To troubleshoot why you are getting a _grokparsefailure message you just need to see what is the error in your parse, no need to capture the traffic with tcpdump.

The last message for example has a different format, so you would need a different grok pattern.

Thanks @leandrojmp , below is a small screenshot from kibana that have grokparsefailure tag.


PS- I am not looking for solving current problem only, but looking for a practical solution on troubleshooting the logstash parsing. It maybe helpful to me and to many others as well. What if tomorrow I happen to face some challenges in parsing some other logs, how do I start to troubleshoot !!!
As per my timezone I can be again online in next 10 hours.

Do you have more than one grok filter in your pipeline? You didn't share your full pipeline.

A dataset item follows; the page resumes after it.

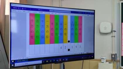 5年生の教室をのぞいてみると、一人の専科教員が授業をしていて、それ以外に二人の先生が机間指導をしていました。きめ細やかに取り残しがないように指導しています。

The screenshot you shared has a parsed message as you have fields for logsource, pid, program and many others, so the original message was parsed somehow.

If you have more then one grok and your pipeline and you are not using conditionals, logstash will try to parse your message in every grok you have, even if it was already parsed.

Troubleshooting logstash is not much different than troubleshooting any other system, you need to know how the tool works to be able to find what is wrong.

For example, Logstash pipelines are sequential, every event will pass through every filter, it doesn't matter if you have a grok filter that already parsed your message, if you have another grok filter after that with a different pattern, logstash will try to parse the message again, and it will give an error because the pattern won't match, this is valid for every filter. To avoid things like this you can use conditionals to test if you should apply a filter to a message.

If a grok filter is not working, you need to test it step by step, test the first pattern with the first field of the message, if it works, go to the next, until you can build a working pattern that will parse your message, grok debugger in kibana helps a lot in this case.

And always check the documentation, the more you use Logstash and build pipelines, more easier will be to troubleshoot anything.

Hi @leandrojmp . I have only one line in grokpattern. My question is around finding a common way to troubleshoot with future integrations.
Is there a way to capture the exact data that is being received by logstash and then something on stdout{} ?
I remember from a past firewall integration, logstash-plain.log file was showing the data which was being received (due to a parsing error), using that I identified that grok pattern needed to be changed because syslog server was forwarding some data which was different than the documented one.
How can I see the exact incoming data and data being parsed ? For watching the incoming data I tried using tcpdump this time because logstash-plain.log log wasn't showing anything.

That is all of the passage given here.